Pages

Monday 9 November 2015

Theatre review: RoosevElvis

A couple of years ago American company the TEAM brought their show Mission Drift to The Artist Formerly Known As Shed, a Vegas-based piece of Americana that was generally well-liked but which I didn't warm to. I believe in giving second chances though, and this time they're at the Royal Court with a show that had many moments that entertained me, but as a whole struggled to remain memorable even as far as the journey home. Ann (Libby King) is a butch, shy lesbian who works in a meat processing plant in South Dakota; having started on reception she was moved to the factory floor as her bosses thought she was "more suited" to that environment, and she's been there for 15 years.
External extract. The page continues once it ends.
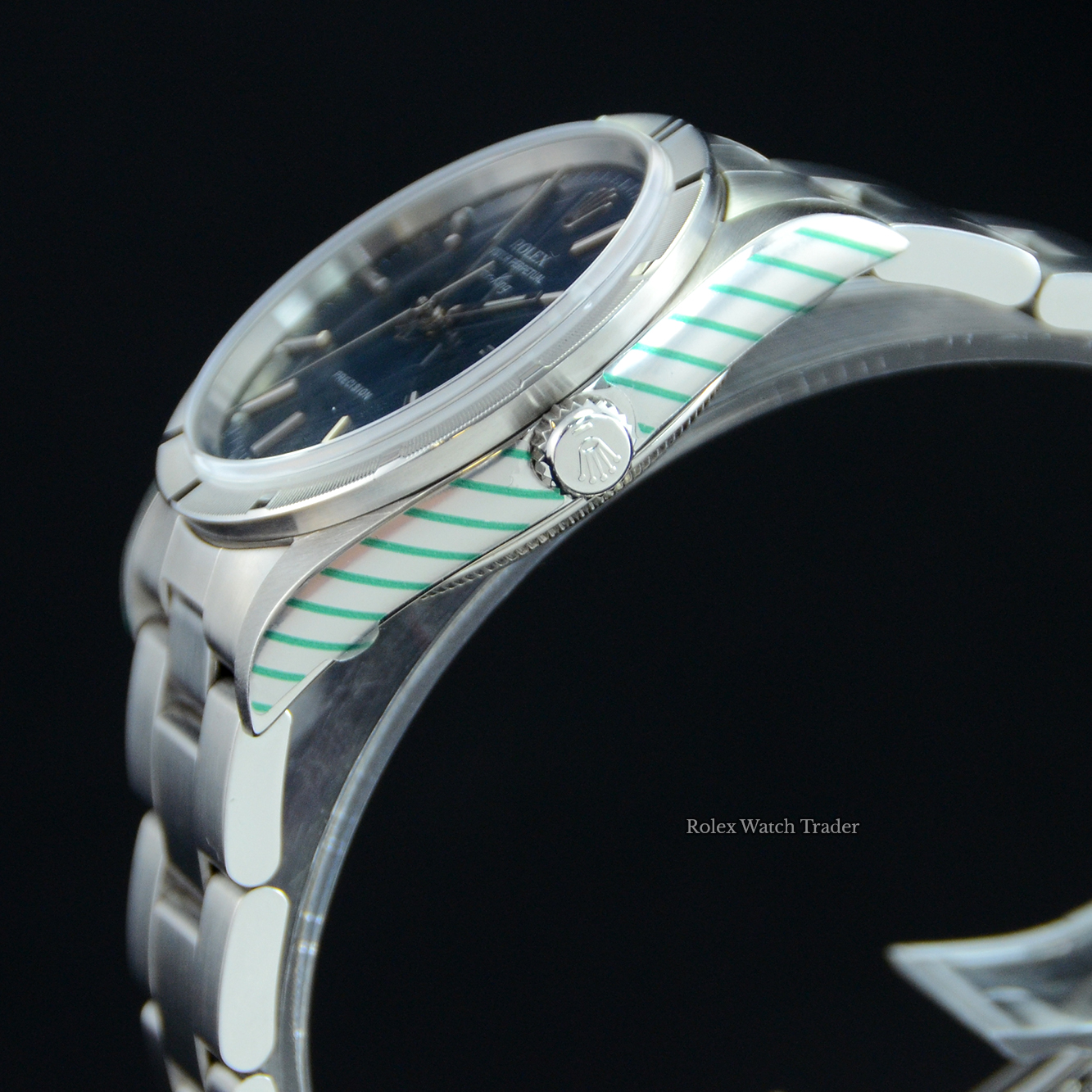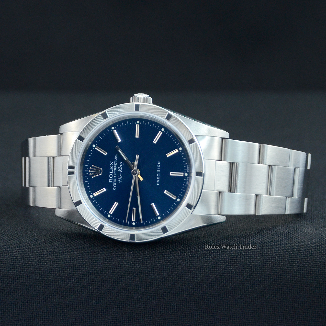 A pre-owned in as close to brand new as possible a 34mm case size stainless steel 'F' serial automatic movement Rolex Air King model reference 14010M featuring a blue baton dial surrounded by a stainless steel engine turned 'hour marker' bezel on a full retail length stainless steel Rolex Oyster bracelet.
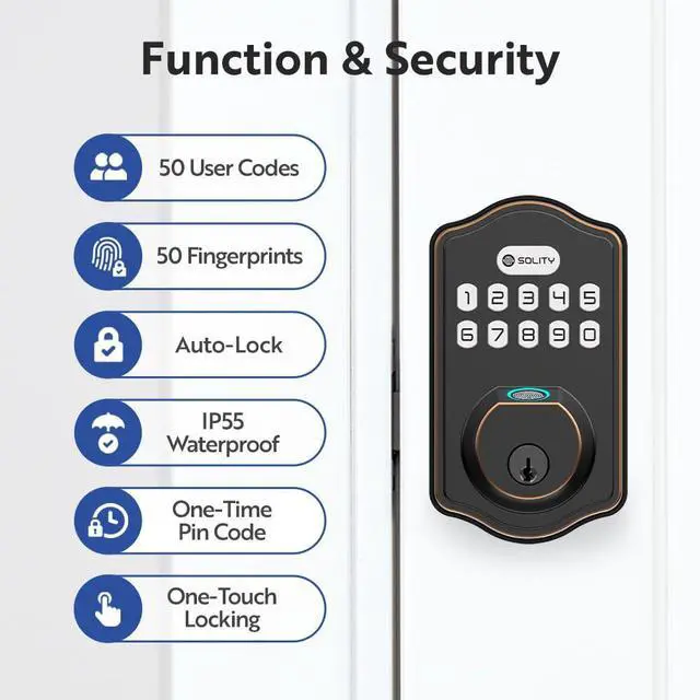Supports up to 50 codes and 50 fingerprints, perfect for large families, rental properties, home offices, or Airbnb.

She loves Elvis Presley and when she gets back home has imagined conversations with him to stave off her loneliness, until she finds Brenda (Kristen Sieh) on a dating site. After a couple of days together they decide it isn't going to work out, but their extended date includes a trip to Mount Rushmore, where Brenda tells her she comes from the same town as Theodore Roosevelt, whom it seems Elvis idolised in turn. Emboldened by her recent experiences, Ann decides to drive to Graceland in RoosevElvis.

Having previously only had Elvis in her head Ann now has Roosevelt in there as well; Sieh dresses up as Roosevelt and King, aptly enough, as Elvis, as the two have surreal conversations in her subconscious during her road trip.


Rachel Chavkin's production is strong on visuals, from the actors' drag costumes to Nick Vaughan's rustic set design and Andrew Schneider's video work (Thelma and Louise always seems to be playing somewhere on the stage.) There's also some very infectious energy from the cast of two (plus a pair of stagehands who get roped into the action a couple of times) and some good comic moments - there's a very silly sequence where Roosevelt starts punching a herd of bison on the projection screen that's really funny. But I didn't end up convinced that the play said as much about gender and identity as it was aiming to; nor that the choice of these particular two men to represent this woman's subconscious was anything other than a good portmanteau word turned into a show. Perhaps something about Roosevelt and Elvis really does say something to gay women who feel more masculine than feminine, but the play didn't communicate it to me, and though fun in parts it didn't make much of an impact.

RoosevElvis by Rachel Chavkin, Libby King, Jake Margolin, Kristen Sieh, Matt Hubbs, Andrew Schneider, and Nick Vaughan is booking until the 14th of November at the Royal Court's Jerwood theatre Downstairs, then continuing on tour to Minneapolis and Cambridge Massachusetts.

Running time: 1 hour 40 minutes straight through.